First I wrote out a rant, then another rant, and then I started to write something that sound like something that belonged in a medical journal. I deleted all of those and gave up.

Then today, the reading in morning prayer was this:

Never let evil talk pass your lips; say only the good things men need to hear, things that will really help them. Do nothing that will sadden the Holy Spirit with whom you were sealed against the day of redemption. Get rid of all bitterness, all passion and anger, harsh words, slander, and malice of every kind. In place of these, be kind to one another, compassionate, and mutually forgiving, just as God has forgiven you in Christ.
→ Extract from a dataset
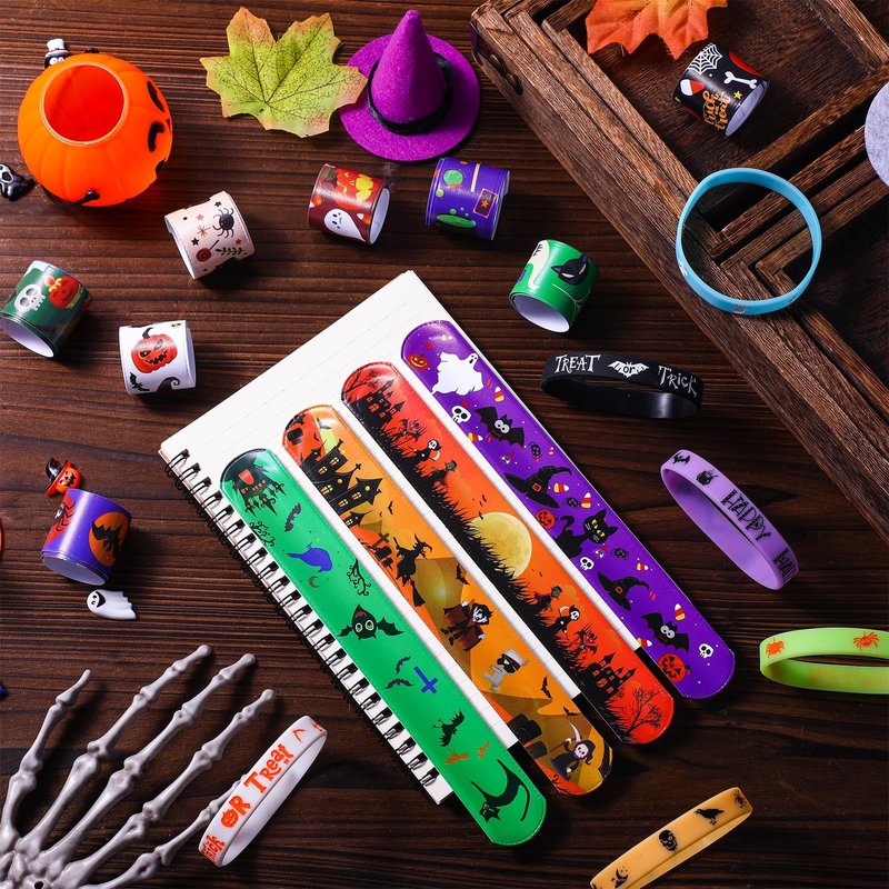 - Halloween Themes: Halloween silicone bracelets and slap bracelets boast abundant Halloween patterns including pumpkins, spiders, ghosts, bats and more; These spooky designs are certain to captivate attention and enhance the Halloween spirit

So in the spirit of something that I hope will help and not hurt, I offer this post.
On Wednesday night, Donald Trump and Hillary Clinton were both asked for their views on abortion and on future Supreme Court nominees.

This is from the transcript of Hillary’s reply:

Well that is not what happens in these cases and using that kind of scare rhetoric is just
terribly unfortunate. You should meet with some of the women that I’ve met with,  women I’ve known over the course of my life. This is one  of the worst possible choices that any woman and her family has to make. and I do not believe that the government should be making it.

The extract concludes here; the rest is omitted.